GOAL OF THE EXERCISE
Starting with the line with "2022년 농식품 벤처육성 지원사업(창업기업) 모집 공고(~02/09)" in the entries below and going on through the line with "前菜選択1品、パスタ選択1品", output every line exactly and nothing more. No pictures.

(EXCERPTED DATA Opens)

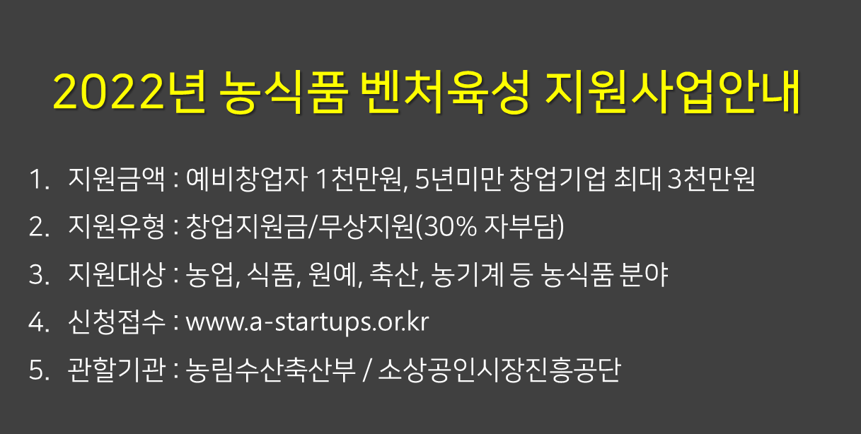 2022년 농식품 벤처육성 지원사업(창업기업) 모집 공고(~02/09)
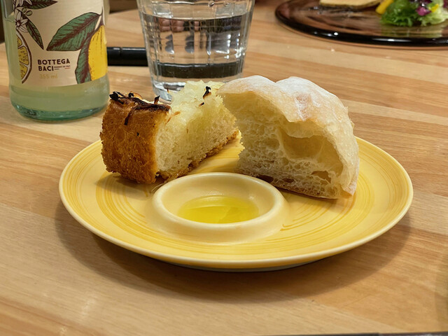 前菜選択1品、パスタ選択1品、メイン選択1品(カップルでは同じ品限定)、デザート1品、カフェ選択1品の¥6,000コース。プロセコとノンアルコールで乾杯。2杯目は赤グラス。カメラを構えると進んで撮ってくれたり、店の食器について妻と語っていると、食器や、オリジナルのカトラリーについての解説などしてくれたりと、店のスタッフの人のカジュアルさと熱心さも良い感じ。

(EXCERPTED DATA Closes)
(EXCERPTED DATA Opens)

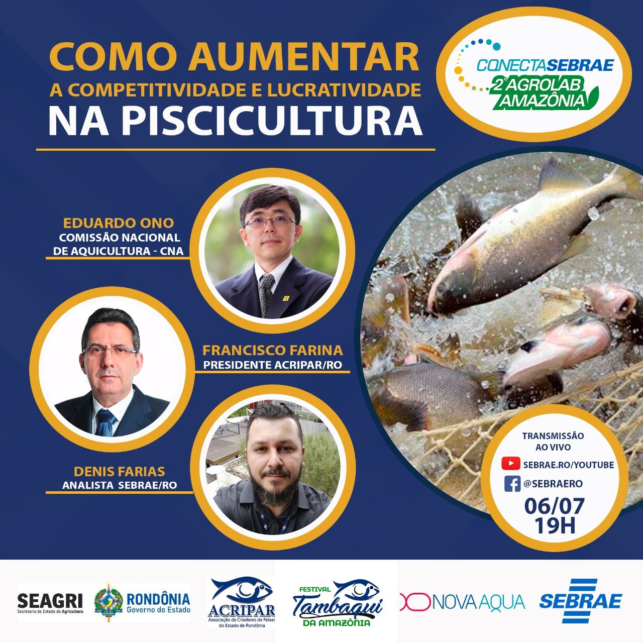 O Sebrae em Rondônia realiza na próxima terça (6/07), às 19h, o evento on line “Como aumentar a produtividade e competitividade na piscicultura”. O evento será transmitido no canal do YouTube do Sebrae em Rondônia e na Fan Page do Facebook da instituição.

(EXCERPTED DATA Closes)

WRITTEN ANSWER
 2022년 농식품 벤처육성 지원사업(창업기업) 모집 공고(~02/09)
 前菜選択1品、パスタ選択1品、メイン選択1品(カップルでは同じ品限定)、デザート1品、カフェ選択1品の¥6,000コース。プロセコとノンアルコールで乾杯。2杯目は赤グラス。カメラを構えると進んで撮ってくれたり、店の食器について妻と語っていると、食器や、オリジナルのカトラリーについての解説などしてくれたりと、店のスタッフの人のカジュアルさと熱心さも良い感じ。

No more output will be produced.